(Stored items from a collection)

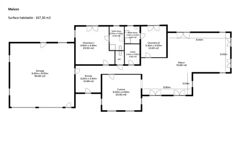 The house currently has two bedrooms (23.50m2 and 13.20m2), both with an ensuite bathroom. Furthermore, a pantry and a separate toilet.
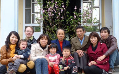 Vợ chồng Bích Yến và con trai (bên trái ảnh) về thăm quê dịp Tết Nguyên đán vừa qua
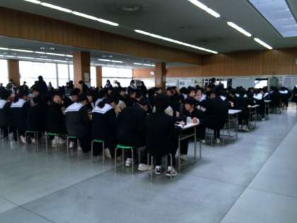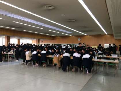 全員が一度に食べられるスペースがありますので、住吉中学では3年生まで全員が給食を食べることになっています。
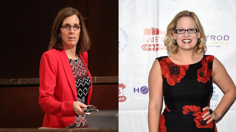 Republican Martha McSally (left) and Democrat Kyrsten Sinema are competing in a heated and competitive Arizona U.S. Senate race.(Photos by Chip Somodevilla (left)/Getty Images and Andrew H. Walker (right)/Getty Images for Autism Speaks) \n\n\n
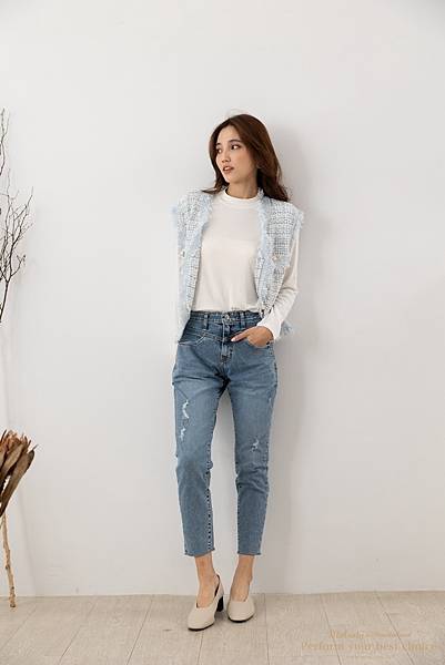 搭配可以顯比例且長度可修飾腰間肉的上身,
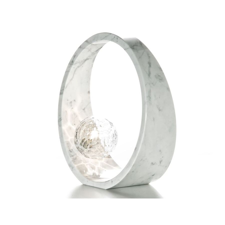 MARBLE: Table lamp in Carrara marble and Italian Crystal cut by hand. Lighting item that diffuses the light with great effect in the surrounding environement creating a warm and welcoming atmosphere.
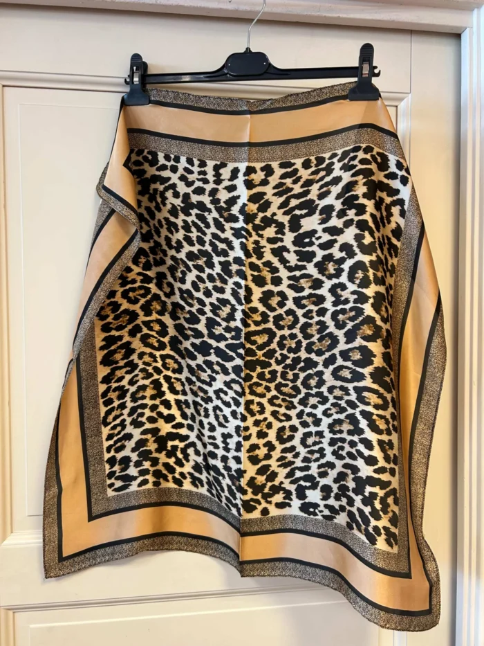 Tynn og liten skjerf med fint print. Bruk gjerne sammen med ring til skjerf.
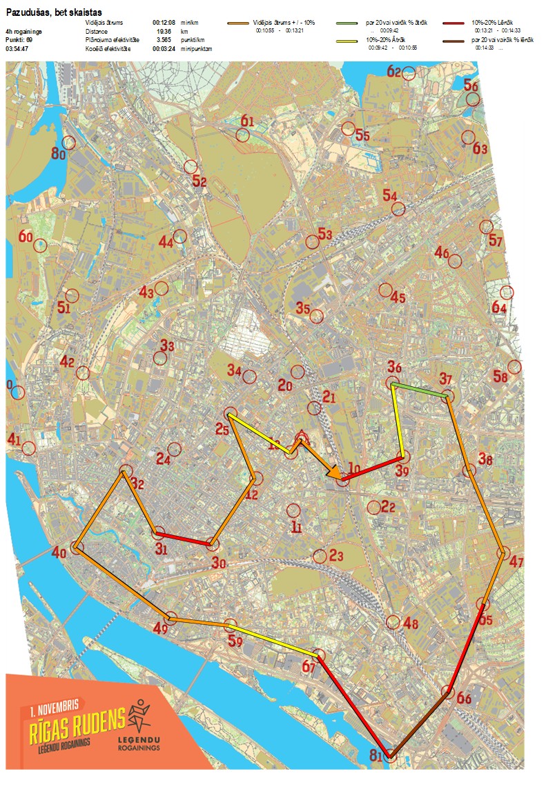| Order No. | CP No. | Time | Points | Total points | Stage time | Total time | Stage distance | Total distance | min/km | min/pts | Split place |
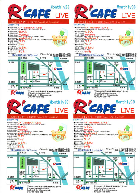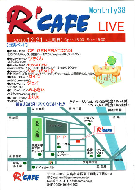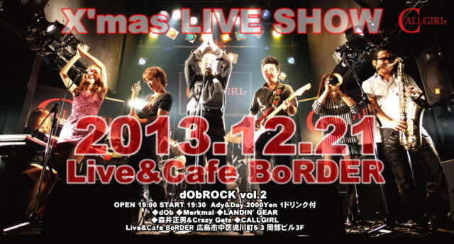 ■2013.12.21(Sat) Live&Cafe BoRDER 「dObROCK vol.2」 ◆dOb ◆Merkmal ◆LANDIN' GEAR ◆森井正男&Crazy Gets ◆CALLGIRL OPEN 19:00 START 19:30 Ady&Day 2000Yen 1ドリンク付 □お問合せ Live&Café BoRDER 広島市中区流川町5-3 岡部ビル3F CALLGIRLにて絶賛チケット販売中!!

§ **The problem**
Your answer must be the lines above from the one holding "全員が一度に食べられるスペー" up to and including the one holding "Split place |", exact and with no pictures.

§ **Response area**
 全員が一度に食べられるスペースがありますので、住吉中学では3年生まで全員が給食を食べることになっています。
 Republican Martha McSally (left) and Democrat Kyrsten Sinema are competing in a heated and competitive Arizona U.S. Senate race.(Photos by Chip Somodevilla (left)/Getty Images and Andrew H. Walker (right)/Getty Images for Autism Speaks) \n\n\n
 搭配可以顯比例且長度可修飾腰間肉的上身,
 MARBLE: Table lamp in Carrara marble and Italian Crystal cut by hand. Lighting item that diffuses the light with great effect in the surrounding environement creating a warm and welcoming atmosphere.
 Tynn og liten skjerf med fint print. Bruk gjerne sammen med ring til skjerf.
| Order No. | CP No. | Time | Points | Total points | Stage time | Total time | Stage distance | Total distance | min/km | min/pts | Split place |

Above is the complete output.